Les travaux des assises nationales de la refondation qui auraient mobilisés 1.000 délégués de l’intérieur et de l’extérieur du pays se sont clôturés le jeudi 30 décembre 2021. A l’issue des échanges dans les groupes thématiques réunis au sein de 4 ateliers et des débats de plénière, diverses recommandations relatives à la gouvernance politique, économique, sociale et culturelle ont été adoptées.
Comme on pouvait s’y attendre, la prolongation de la transition a été actée. Celle-ci s’étendra entre 6 mois ou 5 ans. Cette résolution vague pour le moins irréaliste et alambiquée confirme les arguments avancés par les partis et regroupements de partis politiques du cadre de concertation (regroupement des partis de l’ancienne majorité présidentielle), soupçonnant les autorités de transitions d’utiliser comme tremplin les assises pour uniquement légitimer la prolongation de celle-ci. En effet, cette recommandation pourrait également s’expliquer par la détermination de nos compatriotes de mettre sur pied des instituions fortes, d’asseoir le jeu démocratique sur des règles claires pour en finir avec le cycle de crise politique et les séries maléfiques de coups d’Etats, traduisant un malaise profond dans la gouvernance démocratique.
En tous cas, elle accorde une large marge de manœuvre aux tenants actuels du pouvoir pour se maintenir aux affaires pendant un si bon moment.
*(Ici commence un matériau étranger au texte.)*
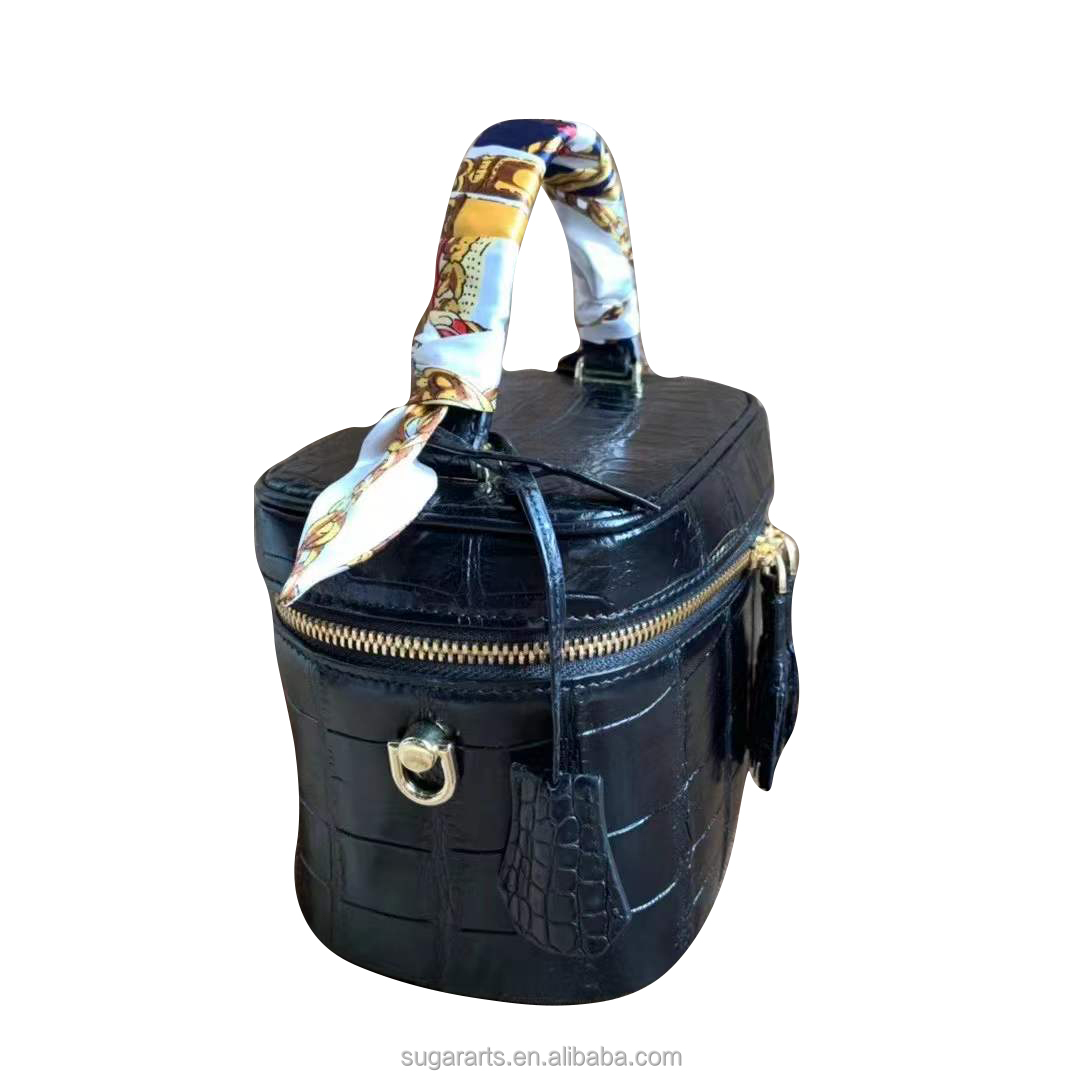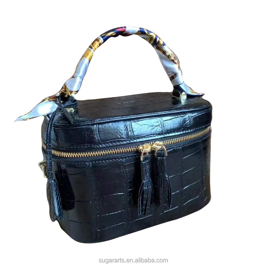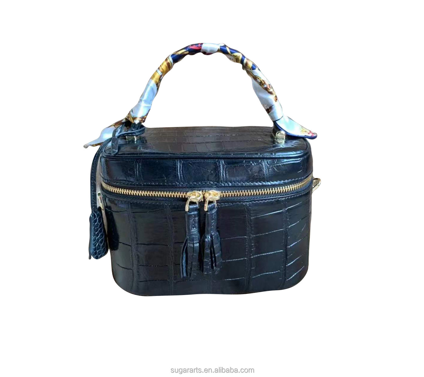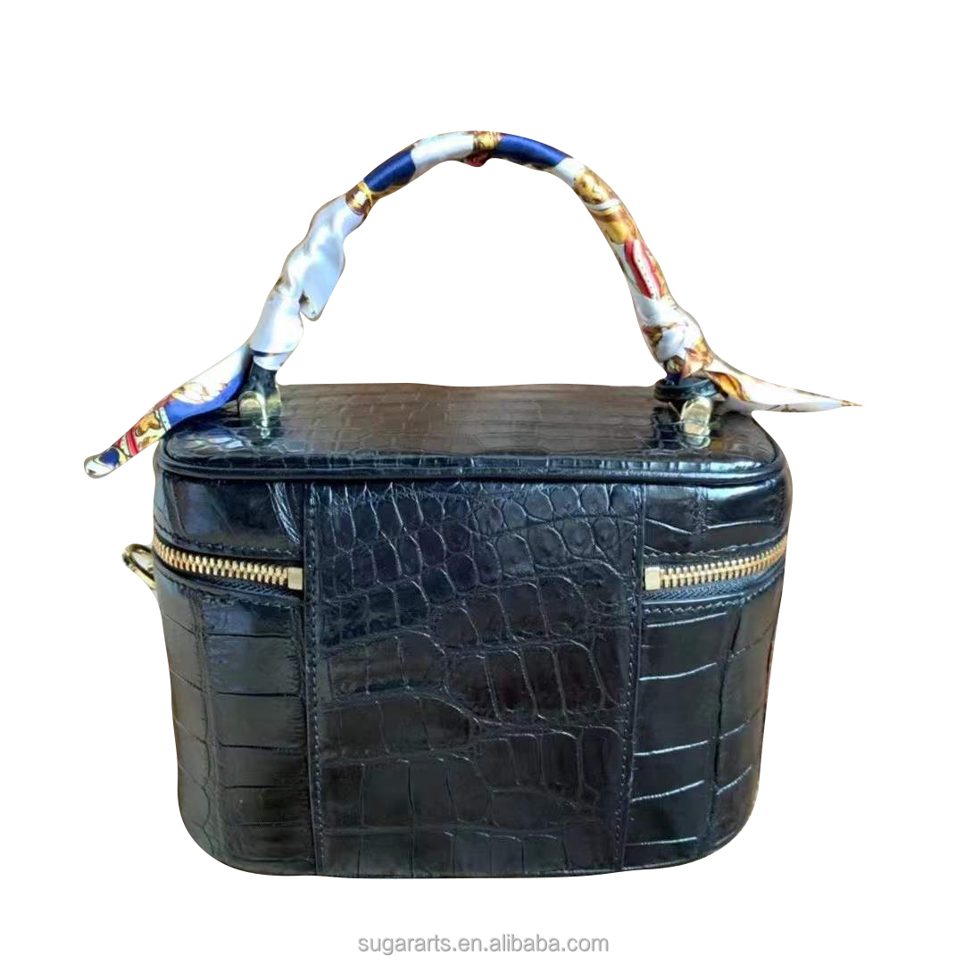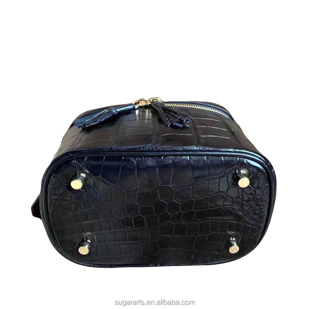 The black Cosmetic bag for women Cowhide inner material Nile alligator embossed leather handbag

Cela, malgré les positions affichées de la Communauté Economique des Etats d’Afrique de l’Ouest (CEDEAO) pour le maintien du calendrier électoral….
En outre, la prolongation sine die de la transition peut basculer notre pays, déjà en proie à l’insécurité, au terrorisme et l’extrémisme violent vers des horizons obscurs. Elle risque d’accentuer les fractions sociales, polariser le feu partisan pour ensuite troubler le climat de paix et de stabilité sociale, pourtant nécessaire pour la réussite de la transition. Les soutiens de la junte militaire au pouvoir et ceux opposés à la prolongation de la transition pourront battre de nouveau les hauts du pavé de la mythique place de l’indépendance, devenue le symbole de la contestation. Déjà un collectif de Défense des acquis Démocratiques (CODEF AD) et la Plateforme Unie pour le Mali (PUMA) sont vent debout pour la défense des libertés individuelles et collectives qu’elles estiment allègrement violées par la transition.
Au niveau international, la prolongation de la transition risque de parachever l’isolement diplomatique de notre pays sur la scène internationale. Lequel est d’ores et déjà suspendu de l’Union Africaine, des instances de la Communauté Economiques des Etats d’Afriques de l’Ouest (CEDEAO) et celle de l’organisation internationale de la Francophonie (OIF). En plus des sanctions ciblées d’interdiction de voyage au sein de l’espace CEDEAO à l’encontre des autorités de transition et des membres de leurs familles, ce choix n’expose t- il pas notre pays si fragile à d’autres sanctions plus contraignantes ? En tous cas, semble t-il, aucune communauté internationale ne s’accommodera avec un pouvoir transitoire de 5 ans, qui a tout l’air du mandat d’un Président de la République démocratiquement élu.
Les autorités de la transition doivent savoir raison garder et s’atteler à l’essentiel c’est-à-dire l’organisation d’élection transparente et inclusive (mission essentielle d’un pouvoir transitoire) en laissant le soin au Président de la République, fort de la légitimité populaire, les réformes nécessaires à la refondation pour l’avènement du Mali Koura.